6. What is the clearance between impeller and liner?
The clearance is approximately 1/32 of an inch (.032). There is some off center between impeller and liner due to manufacturing tolerances so check at the closest point. Less than 1/32 of an inch is ok if the impeller does not rub. More clearance than 1/32 of an inch will drop pressure and performance.


----------



## bulldog (May 12, 2012)

Sawdust Farmer said:


> https://www.outboardjets.com/faqs.php#6
> 
> 6. What is the clearance between impeller and liner?
> The clearance is approximately 1/32 of an inch (.032). There is some off center between impeller and liner due to manufacturing tolerances so check at the closest point. Less than 1/32 of an inch is ok if the impeller does not rub. More clearance than 1/32 of an inch will drop pressure and performance.



+1


----------



## lukeD (May 13, 2012)

ok thanks fellas jsut read quite a bit of that
i dont know a lot about the jets yet and am still learning them.
if the gap is bigger what will the motor do?


----------



## Sawdust Farmer (May 13, 2012)

lukeD said:


> ok thanks fellas jsut read quite a bit of that
> i dont know a lot about the jets yet and am still learning them.
> if the gap is bigger what will the motor do?

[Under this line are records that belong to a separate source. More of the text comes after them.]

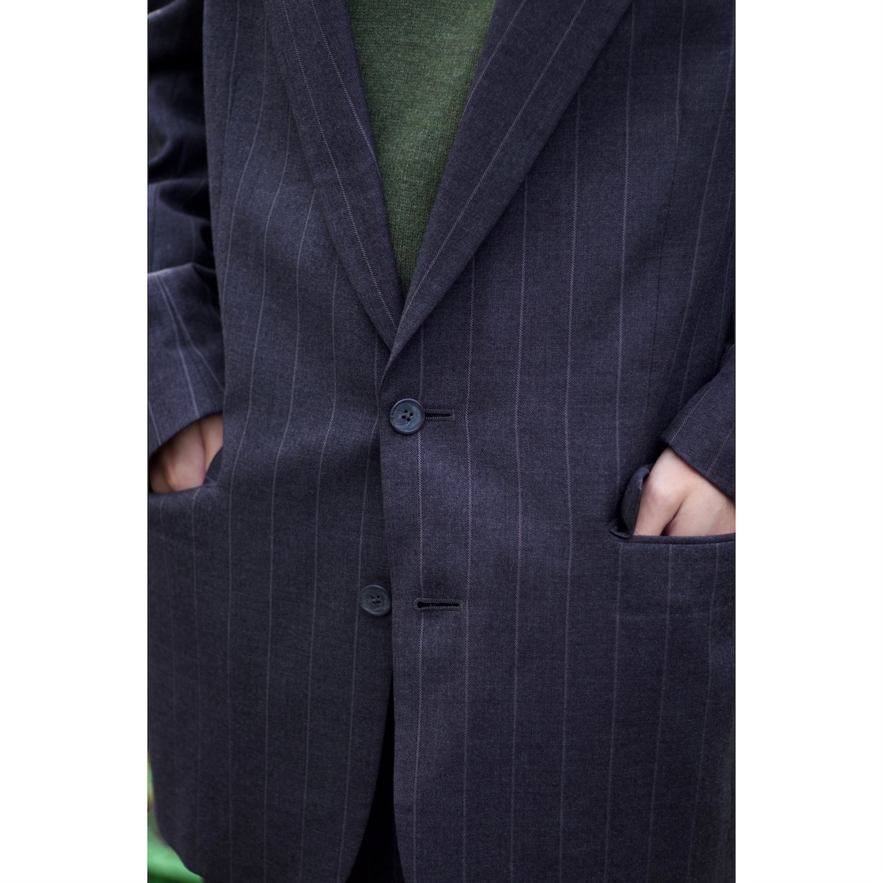 しなやかで着やすく、グレーストライプはクラシックながらもモダンな雰囲気が美しいセットアップとなってます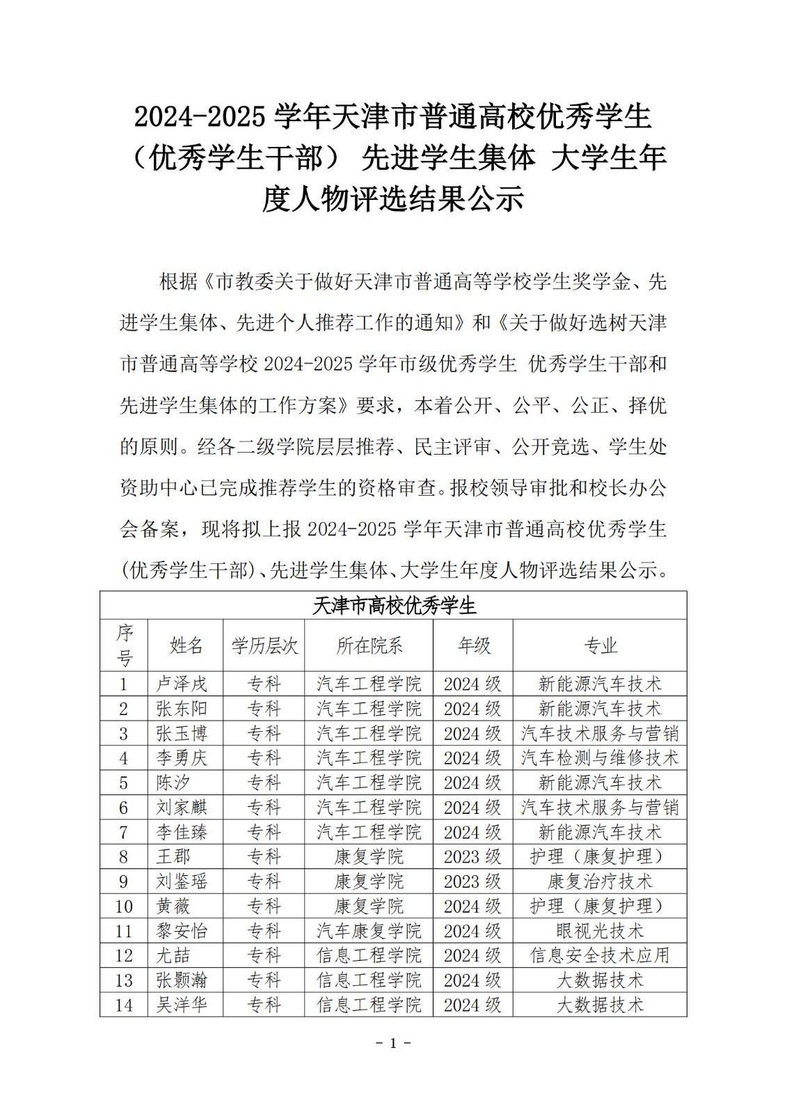 2024-2025学年天津市普通高校优秀学生(优秀学生干部) 先进学生集体 大学生年度人物评选结果公示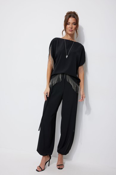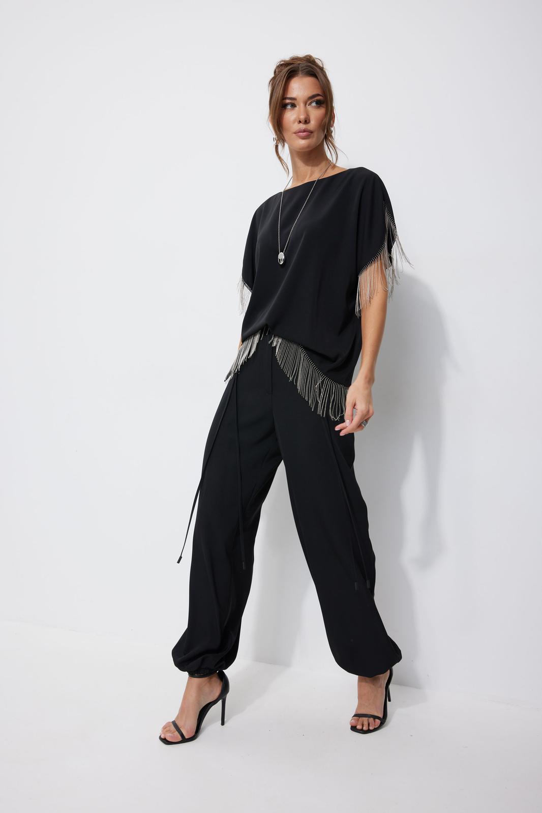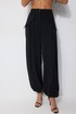 Брюки свободного силуэта из струящейся ткани. По верху брюк притачной пояс с застежкой на петлю и пуговицу. На передних половинках обработана застежка молния в среднем шве. На передних половинках декоративные клапаны. По поясу задних половинок брюк резинка и вытачки. Обращаем ваше внимание, что фурнитура может отличаться от фото.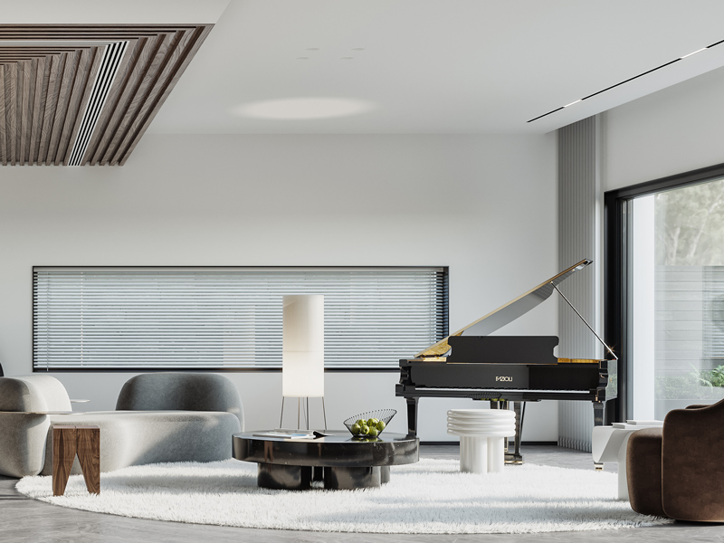 客厅空间没有采用传统的设计,使用钢琴与整体碰撞出优雅创意十足,整面落地窗保证整体采光需求。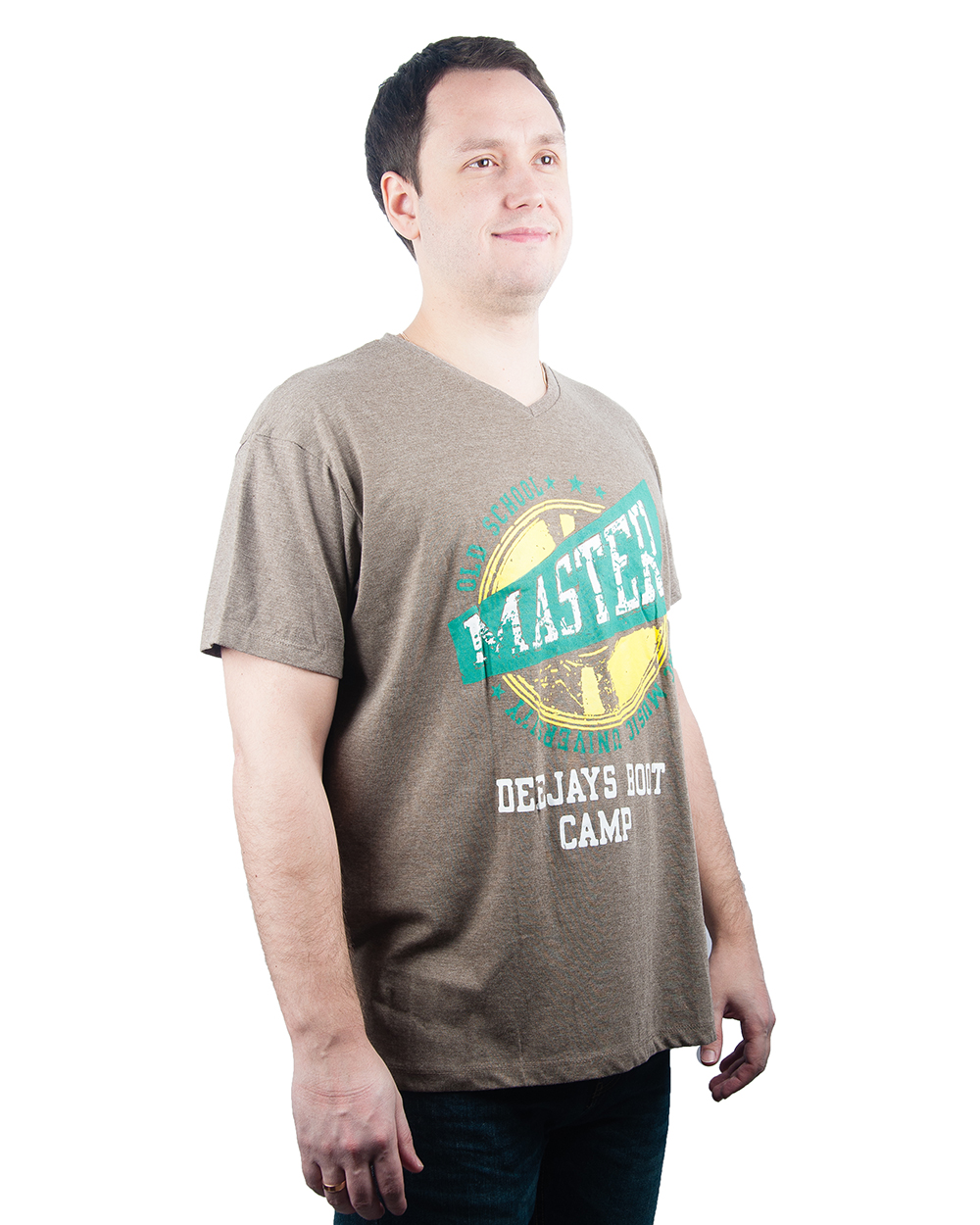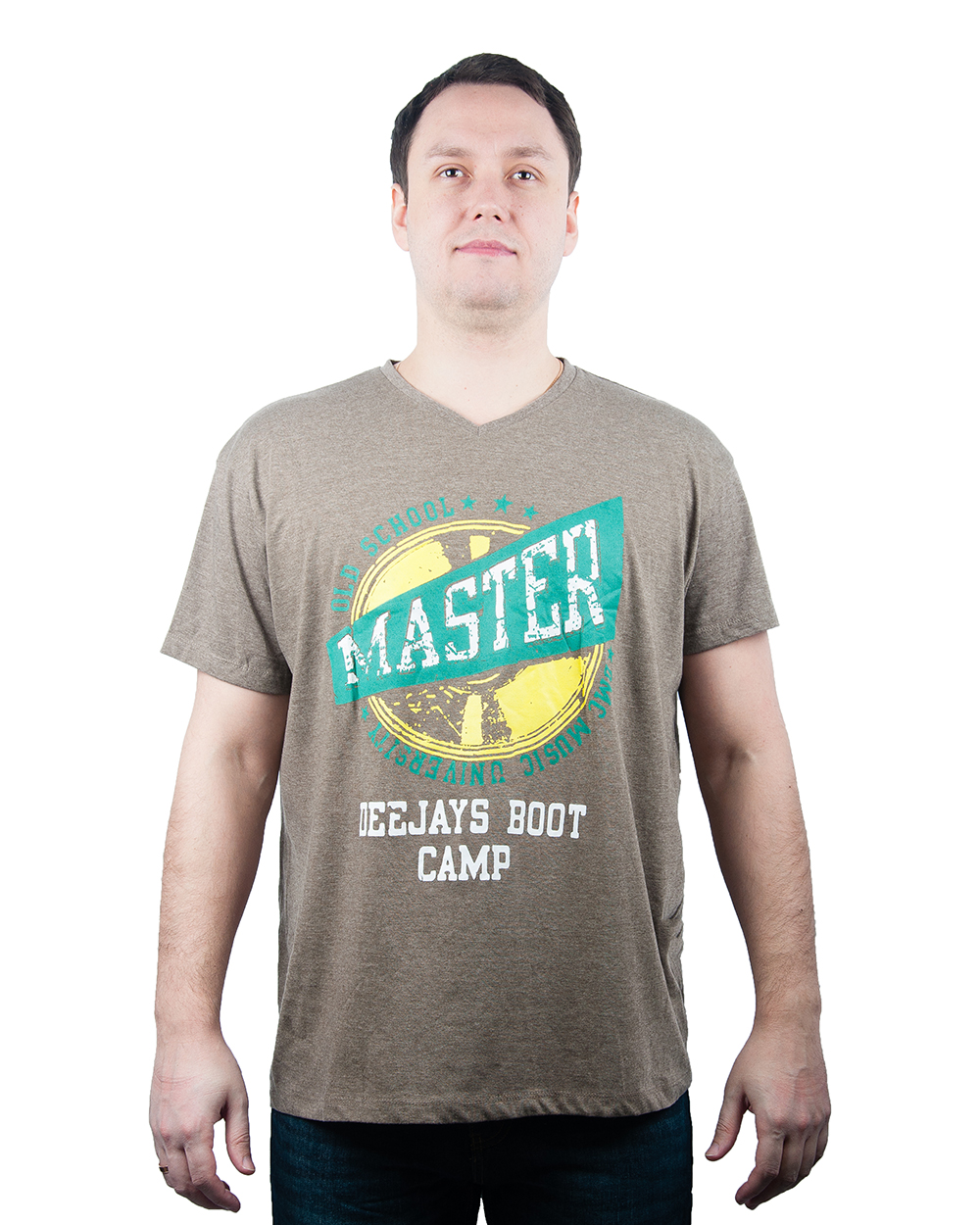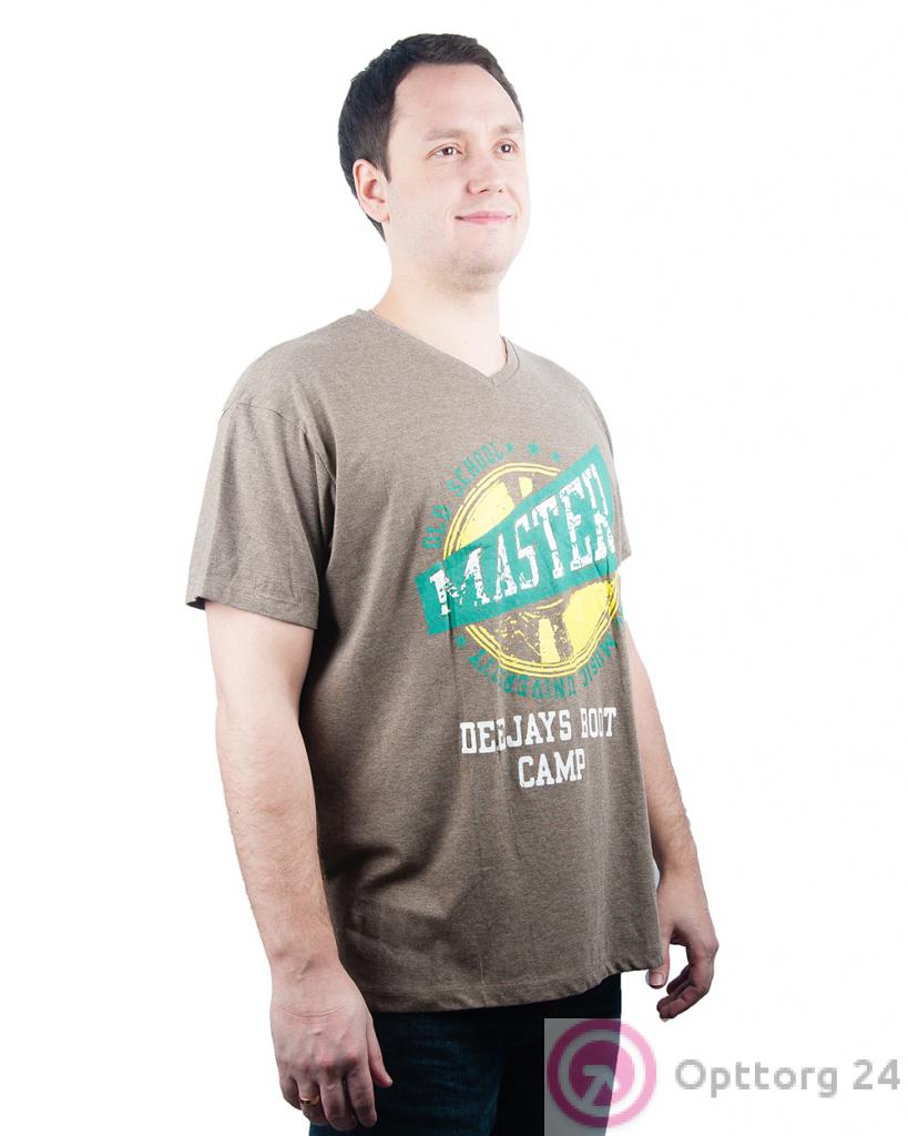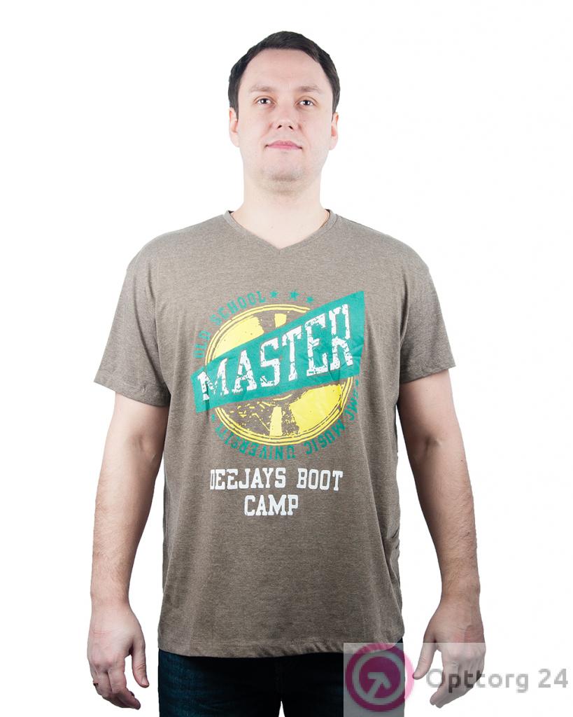 Футболка мужская бежевая с принтом и надписью "Master" оптом

Performance will decrease. I would expect your RPMs to be higher, but yours are low!


----------



## lukeD (May 13, 2012)

im kinda thinkin they are low also..not sure though with carrying that many people...boat is still new to me so im not sure.
im gonna try and take it out again sometime and see what it does with less people and if im still not getting any RPM ill probably end up taking it to a diffrent tech and see what they can figure out. kind of irritating really. i love the boat but i just want the thing to run right and i dont know much about them and know nothin about doing major work on them


----------



## susqyg3 (May 13, 2012)

The thing with jets, since you dont have a prop sticking in the water, is the the rpms will be consistent regardless of your load.. the pump still sucks the same amount of water up in regardless of speed.. That's why you can get high rpms right away on a hole shot


----------



## lukeD (May 13, 2012)

so the RPMs will stay the same no matter the load?
jsut sounds odd to me but im also comming from big proped boats 
when i picked the boat up the tech said he got the motor running to 4800 RPMs but the best i saw yesterday was about 4400 or so and that was full throttle. im gonna try it out again sometime this week after work with just myself and see what it does.
ill probably have to live with it for a while since i dont have the extra cash right now to take it somewhere else and i think im about done messin around with Eberlin boats to get it fixed


----------



## Lil' Blue Rude (May 14, 2012)

The previous owner might have put a larger impeller in it. You can gain a few rpms by triming the motor out put it should probably be turning in the mid to low 5000 at least. Lugging a motor below the recomeneded rpm can kill them.


----------



## lukeD (May 14, 2012)

how can i tell if its a larger Impeller?
i talked to a few people dealer/tech wise and they all said the same thing that the RPMs are low. im gonna try and take it out this week after work with just me in the boat and see what it does.
if its still not getting what i think it should ill take it up to Trout and Sons and let Chris and Jeff look at it and see what they think the deal is. i talked to Chris today and he said it was low as well. so hopfully i can get something figured out with it.


----------



## Lil' Blue Rude (May 14, 2012)

Normally the size of the impeller is stamped on the end where the impeller nut seats. As trouts they'll probably have some to compare just to make sure.


----------



## susqyg3 (May 15, 2012)

Yup.. The way the motor sucks water up, that impeller will spin the same rpm regardless of load.. The jet creates a certain amount of thrust, and that's what moves you, since the impeller has no binding action in the water that creates thrust itself


----------